Multi-DNN Inference of Sparse Models on Edge SoCs

Imagine you are running a busy food truck (the Edge SoC) that has to serve three different types of customers simultaneously: a hungry student who wants a quick sandwich (Speech Recognition), a tourist who wants a detailed map of the city (Image Classification), and a business traveler who needs a complex report (Sentiment Analysis).

Your food truck has three different chefs working in the kitchen:

Chef CPU: Slow but very versatile and good at complex logic.
Chef GPU: Fast at chopping and slicing (great for images).
Chef NPU: A specialized robot chef who is incredibly fast at specific cooking tasks but can't do everything.

The Problem: The "One-Size-Fits-All" Menu

Currently, most food trucks operate with a fixed menu.

If the tourist wants a sandwich, you must give them the "Standard Sandwich."
If the business traveler wants a report, you must give them the "Standard Report."
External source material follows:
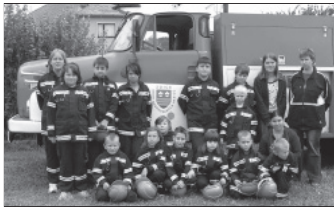
Na dospělé soutěžící v požárním sportu se přišli podívat nejmladší členové SDH Zdice.

Sdružení hasičů Čech, Moravy a Slezska, okresek Zdice, pořádalo v sobotu 12. května od 9 hodin okreskovou soutěž v požárním sportu o putovní pohár věnovaný starostou města. Devět družstev, z nichž jedno bylo družstvo žen z Černína, soutěžilo v prostoru Farčiny nejdříve v požárních štafetách (4 x 50m) a potom v požárním útoku. Soutěžícím tentokrát nepřálo počasí. Zápolení družstev muselo být při požárních útocích dokonce přerušeno kvůli velkému lijáku. Po jeho skončení se družstva Svaté a Zdice III. dohodla, že soutěž dokončí, a to i přesto, že vzhledem k nepříznivým podmínkám nebudou moci dosáhnout dobrých časů a získat tak celkově lepší umístění.

The problem is that sometimes the "Standard Sandwich" takes too long to make (violating the tourist's time limit), or it tastes too bland (violating the quality requirement). Sometimes, you have a "Lite Sandwich" (pruned model) that is fast but tastes okay, or a "Premium Sandwich" (quantized model) that is fast but slightly less detailed.
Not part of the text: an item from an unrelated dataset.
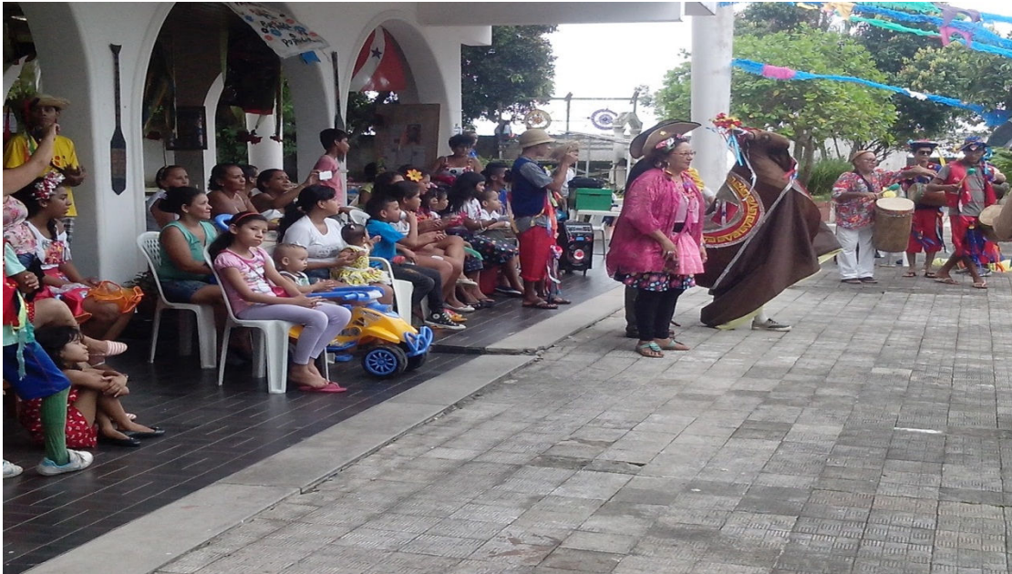
Figuras 29 - Ações da Biblioteca Avertano Rocha

Existing systems try to pick the best pre-made sandwich from a small list. But if the customer has a very strict requirement (e.g., "I need a sandwich in 5 seconds that tastes 95% like the premium one"), and your menu only has a 5-second option that tastes 80% good, you fail the customer. This is called an SLO Violation (Service Level Objective Violation).

The Solution: "Model Stitching" (The Custom Sandwich Bar)

The paper introduces a new system called SparseLoom. Instead of just picking a pre-made sandwich, SparseLoom acts like a Master Chef who can instantly recombine ingredients from different recipes to create a perfect custom sandwich on the fly.

This technique is called Model Stitching.

How it works: Imagine you have three recipes:
1. Recipe A (Dense): The full, heavy, delicious recipe.
2. Recipe B (Pruned): A recipe where you removed the heavy meat to make it lighter/faster.
3. Recipe C (Quantized): A recipe where you swapped expensive spices for cheaper, faster ones.
Usually, you serve the whole Recipe A, B, or C.
SparseLoom says: "Let's take the bun from Recipe A (because it's tasty), the patty from Recipe B (because it's fast), and the sauce from Recipe C (because it's cheap)."

By stitching these parts together, you create a Brand New Sandwich that didn't exist before. It's fast enough for the tourist but tasty enough for the business traveler. And the best part? You don't need to retrain the chefs. You just rearrange the existing ingredients.

The Three Big Challenges (and how SparseLoom solves them)

Creating these custom sandwiches sounds great, but it's chaotic. The paper identifies three big problems and solves them with three smart tools:

1. The "Too Many Options" Problem (Profiling Cost)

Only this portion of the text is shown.